5x5 Go
Two playable 5x5 Go demos: a self-contained 2-ply minimax bot in one HTML file, and the same UI fronted by KataGo running on a small VPS.
Overview
A pair of single-page Go demos at go-5x5.danieljohnmorris.com (custom 2-ply bot) and go-5x5-katago.danieljohnmorris.com (KataGo backend). The full rules engine, scoring, and rendering live in one HTML file each. The KataGo version adds a FastAPI subprocess wrapper and a multi-stage Dockerfile that compiles KataGo from source for the ARM VPS the rest of the site runs on.
A 5x5 Go game playable in the browser, built in two parts. Part 1 is a self-contained 2-ply minimax bot in a single HTML file. Part 2 keeps the same frontend but replaces the local bot with a server-side KataGo backend.
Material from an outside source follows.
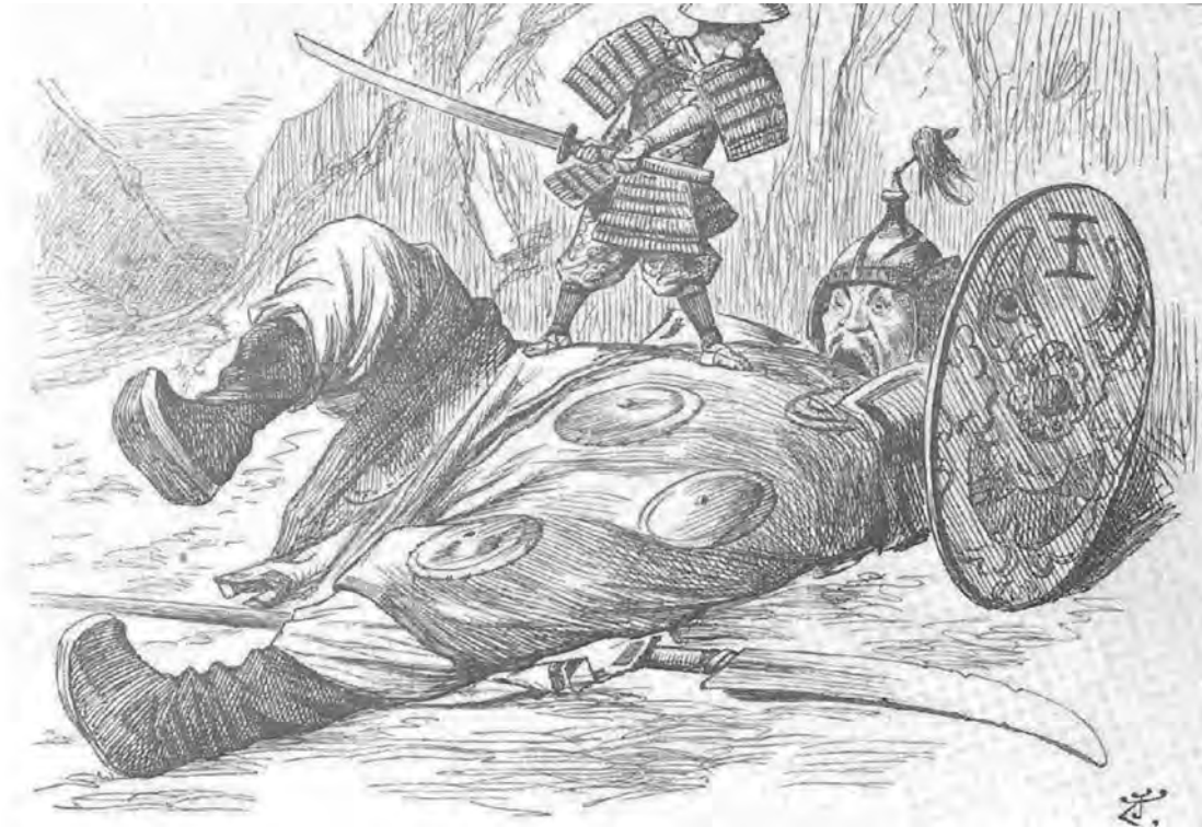
An illustration referring to the Japanese victory over China in 1895.

Part 1: 2-ply minimax in one HTML file
index.html holds the SVG board, the rules engine (capture, suicide, simple positional ko), Chinese area scoring with 2.5 komi, and a 2-ply minimax bot. For each candidate move the bot simulates Black’s best reply and uses that score as the move’s value. Pass is treated as a candidate move, so the bot resigns naturally whenever no real move beats passing.
The first version was 1-ply and placed stones directly into capture because static evaluation cannot tell the difference between a future-captured stone and a stone in real territory. The second ply of lookahead fixes that in about 30 lines of code.
Part 2: KataGo behind a FastAPI server
Play · Server · Frontend · Post
Same frontend, with aiTurn() swapped for an HTTP POST to a FastAPI server that fronts KataGo’s JSON analysis engine. The server is a 60-line subprocess wrapper: spawn katago analysis, spin up one reader thread that pulls JSON lines off stdout and routes them by id, and synchronise stdin writes behind a lock.
The Dockerfile is multi-stage. The first stage compiles KataGo from source with the Eigen backend (the GitHub releases only ship linux-x64 binaries, and the VPS is aarch64). The second stage starts from python:3.11-slim-bookworm and copies just the binary across so the toolchain does not end up in the deployed image. Build time is about 4 minutes per Dockerfile change.
KataGo on the ARM CPU with 32 visits takes 2.5 to 4.5 seconds per move, depending on tree depth. That is slow enough that the frontend shows a “KataGo thinking” indicator on the board. The same calls take ~150 ms locally on an M3 Max with the Metal backend, so the post-deploy latency is dominated by the lack of vector instructions on the box rather than any inefficiency in the wrapper.